Regression analysis is a set of statistical methods for estimating the relationship between a dependent variable (response) and one or more independent variables (predictors), typically by fitting a mathematical model that minimises prediction error. Simple linear regression fits a straight line through bivariate data using the method of least squares; multiple regression extends this to several predictors. It is used extensively in economics, biology, engineering, and machine learning for prediction, forecasting, and causal inference.
ŷ = β₀ + β₁x + ε
LaTeX: \hat{y} = \beta_0 + \beta_1 x + \varepsilon
| Symbol | Meaning | Unit |
|---|---|---|
| \hat{y} | Predicted value of the dependent variable | same as y |
| \beta_0 | Intercept (value of ŷ when x = 0) | same as y |
| \beta_1 | Slope (change in ŷ per unit increase in x) | y-units per x-unit |
| x | Independent (predictor) variable | units of x |
| \varepsilon | Error (residual) term | same as y |
Problem
Data: x (hours studied) = [2, 4, 6, 8], y (exam score) = [50, 65, 75, 85]. Fit a simple linear regression and predict score for 7 hours.
Solution
Step 1: n=4, Σx=20, Σy=275, Σx²=120, Σxy=1 470. Step 2: β₁ = (nΣxy − ΣxΣy) / (nΣx² − (Σx)²) = (4×1470 − 20×275) / (4×120 − 400) = (5880−5500)/(480−400) = 380/80 = 4.75. Step 3: β₀ = (Σy − β₁Σx)/n = (275 − 4.75×20)/4 = (275−95)/4 = 45.00. Step 4: ŷ(7) = 45 + 4.75×7 = 45 + 33.25 = 78.25.
Answer
Regression line: ŷ = 45 + 4.75x; predicted score for 7 hours = 78.25
| Type | Response Variable | Predictors | Typical Application |
|---|---|---|---|
| Simple linear | Continuous | 1 continuous | Height vs weight |
| Multiple linear | Continuous | ≥2 mixed | House price prediction |
| Logistic | Binary (0/1) | Mixed | Disease classification |
| Polynomial | Continuous | 1 with powers | Curvilinear growth |
| Ridge / Lasso | Continuous | Many (regularised) | High-dimensional data |
| Poisson | Count data | Mixed | Event rate modelling |
Wikimedia Commons, CC BY-SA
The Pearson correlation coefficient (r) is a dimensionless statistic that measures the strength and direction of the linear relationship between two continuous variables, ranging from −1 (perfect negative correlation) to +1 (perfect positive correlation), with 0 indicating no linear association. It is calculated as the covariance of the two variables divided by the product of their standard deviations. While correlation quantifies association, it does not imply causation — a fundamental principle in statistical reasoning.
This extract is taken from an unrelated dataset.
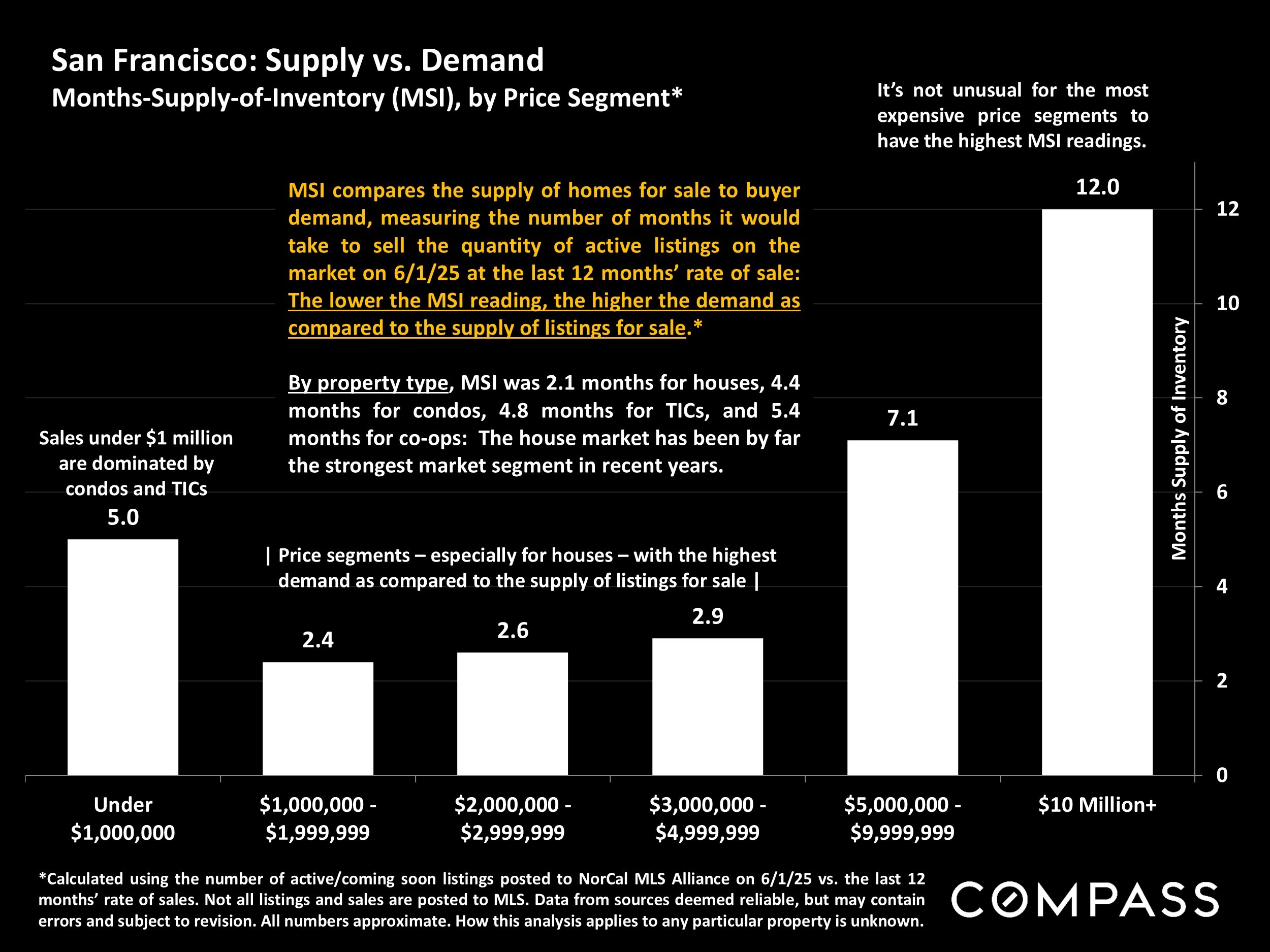 Statistics are generalities, essentially summaries of widely disparate data generated by dozens, hundreds or thousands of unique, individual sales occurring within different time periods. They are best seen not as precise measurements, but as broad, comparative indicators, with reasonable margins of error. Anomalous fluctuations in statistics are not uncommon, especially in smaller, expensive market segments. Last period data should be considered estimates that may change with late-reported data. Different analytics programs sometimes define statistics – such as “active listings,” “days on market,” and “months supply of inventory” – differently: what is most meaningful are not specific calculations but the trends they illustrate. Most listing and sales data derives from the local or regional multi-listing service (MLS) of the area specified in the analysis, but not all listings or sales are reported to MLS and these won’t be reflected in the data. “Homes” signifies real-property, single-household housing units: houses, condos, co-ops, townhouses, duets and TICs (but not mobile homes), as applicable to each market. City/town names refer specifically to the named cities and towns, or their MLS areas, unless otherwise delineated. Multi­county metro areas will be specified as such. Data from sources deemed reliable, but may contain errors and subject to revision. All numbers to be considered approximate.

The Central Limit Theorem (CLT) states that the sampling distribution of the sample mean approaches a normal distribution as the sample size n increases, regardless of the shape of the underlying population distribution, provided the population has a finite mean and variance. For most practical purposes, normality is achieved when n ≥ 30. The CLT is the theoretical foundation for Z-tests, t-tests, confidence intervals, and virtually all classical inferential statistics.
Hypothesis testing is a formal statistical procedure for making decisions about a population parameter based on sample data, by evaluating evidence against a null hypothesis (H₀) in favour of an alternative hypothesis (H₁). A test statistic is computed and compared to a critical value or converted to a p-value; if the result is statistically significant (p < α), the null hypothesis is rejected. It underpins scientific research, clinical trials, quality assurance, and data-driven decision-making across all quantitative disciplines.
Francis Galton coined the term "regression" in 1886 from the Latin "regressio" (a return), observing that extreme parental heights tended to "regress" toward the mean in offspring. Karl Pearson and Udny Yule later formalised linear regression as a statistical method.